◆ Materials provided ◆
────────────────

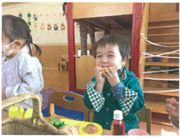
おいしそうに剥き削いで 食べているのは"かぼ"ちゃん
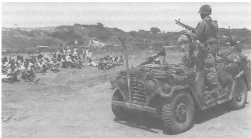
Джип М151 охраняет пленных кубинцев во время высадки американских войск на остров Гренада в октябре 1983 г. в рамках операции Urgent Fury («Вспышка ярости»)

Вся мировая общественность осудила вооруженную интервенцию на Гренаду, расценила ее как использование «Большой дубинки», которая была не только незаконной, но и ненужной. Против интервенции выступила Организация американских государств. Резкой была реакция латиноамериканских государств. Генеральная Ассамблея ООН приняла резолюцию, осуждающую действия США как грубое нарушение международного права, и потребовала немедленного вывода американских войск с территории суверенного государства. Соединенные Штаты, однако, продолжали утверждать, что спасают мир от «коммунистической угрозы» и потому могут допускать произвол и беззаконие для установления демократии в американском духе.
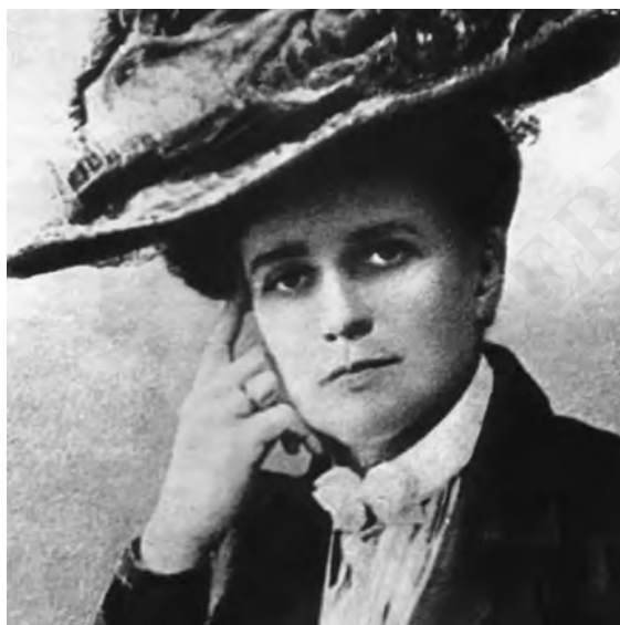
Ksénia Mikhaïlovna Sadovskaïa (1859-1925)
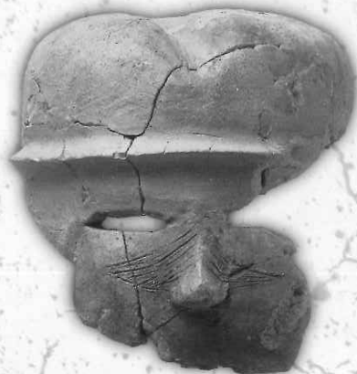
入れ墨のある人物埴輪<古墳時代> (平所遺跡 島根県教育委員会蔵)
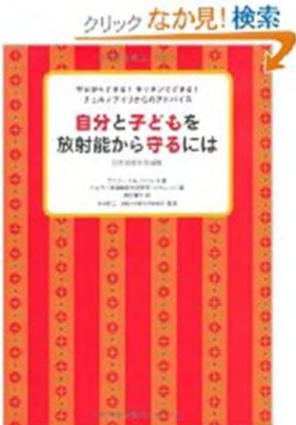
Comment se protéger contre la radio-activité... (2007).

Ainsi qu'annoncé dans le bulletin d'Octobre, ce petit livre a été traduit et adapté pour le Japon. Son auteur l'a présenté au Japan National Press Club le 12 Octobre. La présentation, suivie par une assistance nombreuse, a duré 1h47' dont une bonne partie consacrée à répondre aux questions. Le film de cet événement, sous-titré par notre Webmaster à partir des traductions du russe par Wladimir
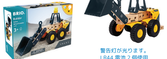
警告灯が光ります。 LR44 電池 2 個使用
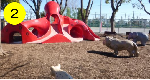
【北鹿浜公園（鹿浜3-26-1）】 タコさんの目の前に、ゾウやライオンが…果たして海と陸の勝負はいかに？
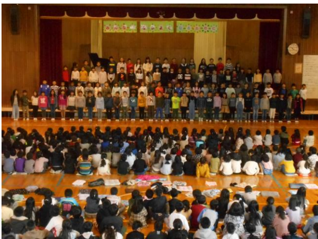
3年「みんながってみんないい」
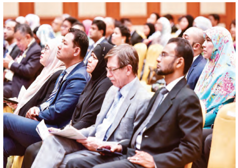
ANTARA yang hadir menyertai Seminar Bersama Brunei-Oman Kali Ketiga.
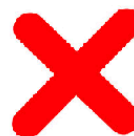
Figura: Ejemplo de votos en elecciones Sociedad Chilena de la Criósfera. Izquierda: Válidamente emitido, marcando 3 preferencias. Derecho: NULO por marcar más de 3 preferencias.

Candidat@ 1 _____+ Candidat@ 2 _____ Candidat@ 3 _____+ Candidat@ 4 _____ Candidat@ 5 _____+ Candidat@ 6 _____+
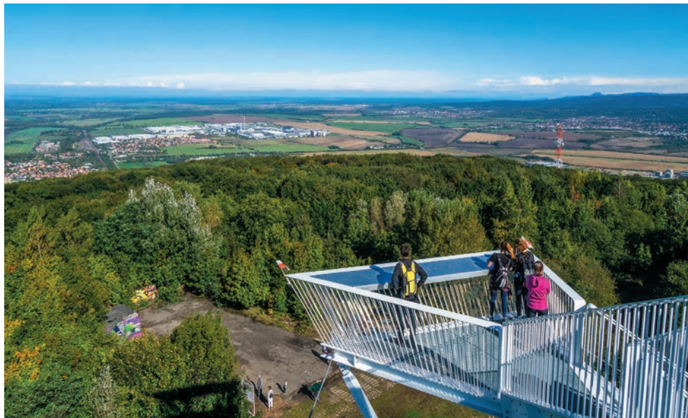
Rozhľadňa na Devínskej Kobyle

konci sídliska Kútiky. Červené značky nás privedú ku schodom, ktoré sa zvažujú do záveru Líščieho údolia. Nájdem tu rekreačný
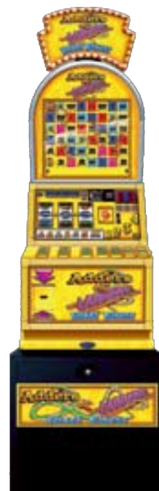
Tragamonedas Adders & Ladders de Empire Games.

────────────────

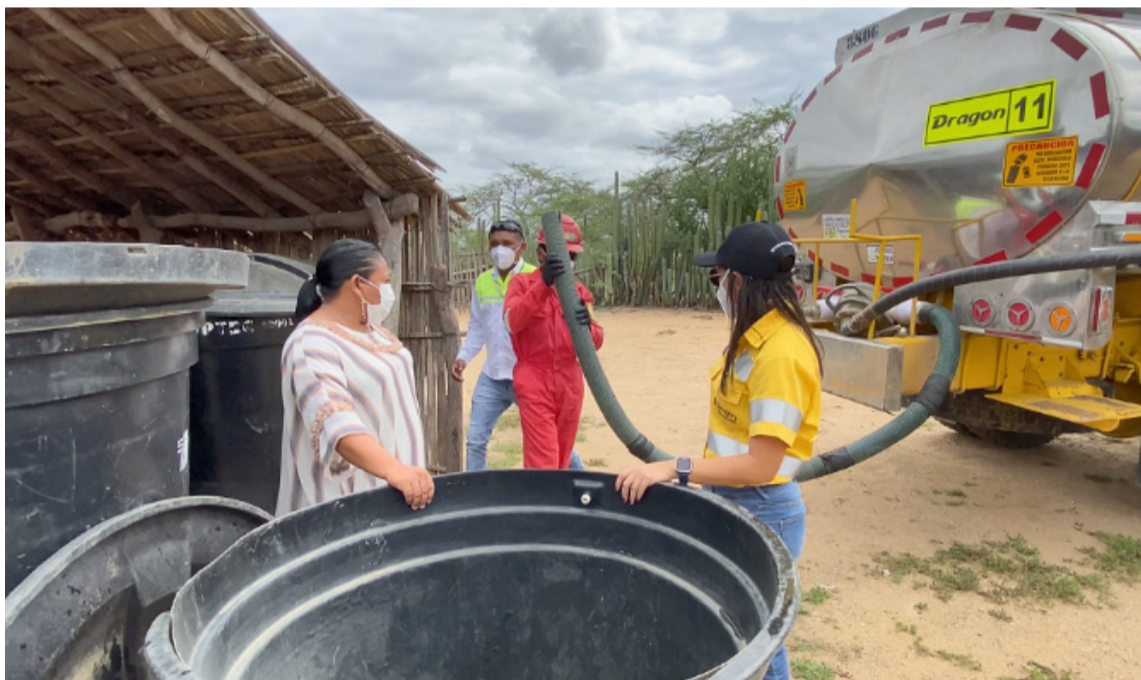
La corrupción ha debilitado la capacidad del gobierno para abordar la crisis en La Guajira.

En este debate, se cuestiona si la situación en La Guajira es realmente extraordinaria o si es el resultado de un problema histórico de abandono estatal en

────────────────

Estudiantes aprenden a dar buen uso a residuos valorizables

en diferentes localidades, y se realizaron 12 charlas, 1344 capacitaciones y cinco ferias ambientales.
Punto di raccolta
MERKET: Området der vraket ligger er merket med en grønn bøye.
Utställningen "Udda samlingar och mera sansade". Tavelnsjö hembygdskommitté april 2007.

────────────────

◆ Required work ◆
Look above for the line with "Figura: Ejemplo de"; quote it and every line after it, stopping after the line with "Tragamonedas Adders &", exactly, with nothing added and without pictures.

◆ Exercise response ◆
Figura: Ejemplo de votos en elecciones Sociedad Chilena de la Criósfera. Izquierda: Válidamente emitido, marcando 3 preferencias. Derecho: NULO por marcar más de 3 preferencias.

Candidat@ 1 _____+ Candidat@ 2 _____ Candidat@ 3 _____+ Candidat@ 4 _____ Candidat@ 5 _____+ Candidat@ 6 _____+
Rozhľadňa na Devínskej Kobyle

konci sídliska Kútiky. Červené značky nás privedú ku schodom, ktoré sa zvažujú do záveru Líščieho údolia. Nájdem tu rekreačný
Tragamonedas Adders & Ladders de Empire Games.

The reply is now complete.